Re: [ceph-users] xattrs vs omap

2015-07-14 Thread Jan Schermer
Thank you for your reply.
Comments inline.

I’m still hoping to get some more input, but there are many people running ceph 
on ext4, and it sounds like it works pretty good out of the box. Maybe I’m 
overthinking this, then?

Jan

 On 13 Jul 2015, at 21:04, Somnath Roy somnath@sandisk.com wrote:
 
 inline
 
 -Original Message-
 From: ceph-users [mailto:ceph-users-boun...@lists.ceph.com] On Behalf Of Jan 
 Schermer
 Sent: Monday, July 13, 2015 2:32 AM
 To: ceph-users@lists.ceph.com
 Subject: Re: [ceph-users] xattrs vs omap
 
 Sorry for reviving an old thread, but could I get some input on this, pretty 
 please?
 
 ext4 has 256-byte inodes by default (at least according to docs) but the 
 fragment below says:
 OPTION(filestore_max_inline_xattr_size_other, OPT_U32, 512)
 
 The default 512b is too much if the inode is just 256b, so shouldn’t that be 
 256b in case people use the default ext4 inode size?
 
 Anyway, is it better to format ext4 with larger inodes (say 2048b) and set 
 filestore_max_inline_xattr_size_other=1536, or leave it at defaults?
 [Somnath] Why 1536 ? why not 1024 or any power of 2 ? I am not seeing any 
 harm though, but, curious.

AFAIK there is other information in the inode other than xattrs, also you need 
to count the xattra labels into this - so if I want to store 1536B of “values” 
it would cost more, and there still needs to be some space left.

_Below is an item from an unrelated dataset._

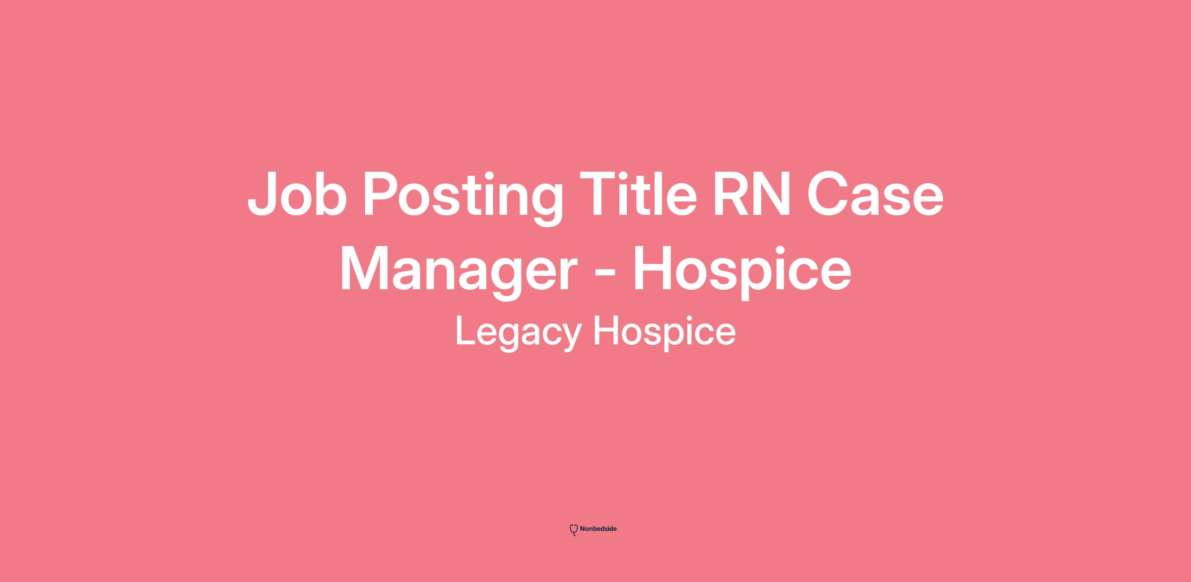 Overview Our LegacyHospice team is looking for a full-time Registered Nurse Case Manager (RNCM) that is ready to make a meaningful difference in the lives of the patients and families we serve in and around the areas of East End Richmond and Mechanicsville.

 (As I understand it, on ext4 xattrs ale limited to one block, inode size + 
 something can spill to one different inode - maybe someone knows better).
 
 
 [Somnath] The xttr size (_) is now more than 256 bytes and it will spill 
 over, so, bigger inode  size will be good. But, I would suggest do your 
 benchmark before putting it into production.
 

Good poin and I am going to do that, but I’d like to avoid the guesswork. Also, 
not all patterns are always replicable….

 Is filestore_max_inline_xattr_size and absolute limit, or is it 
 filestore_max_inline_xattr_size*filestore_max_inline_xattrs in reality?
 
 [Somnath] The *_size is tracking the xttr size per attribute and 
 *inline_xattrs keep track of max number of inline attributes allowed. So, if 
 a xattr size is  *_size , it will go to omap and also if the total number of 
 xattra  *inline_xattrs , it will go to omap.
 If you are only using rbd, the number of inline xattrs will be always 2 and 
 it will not cross that default max limit.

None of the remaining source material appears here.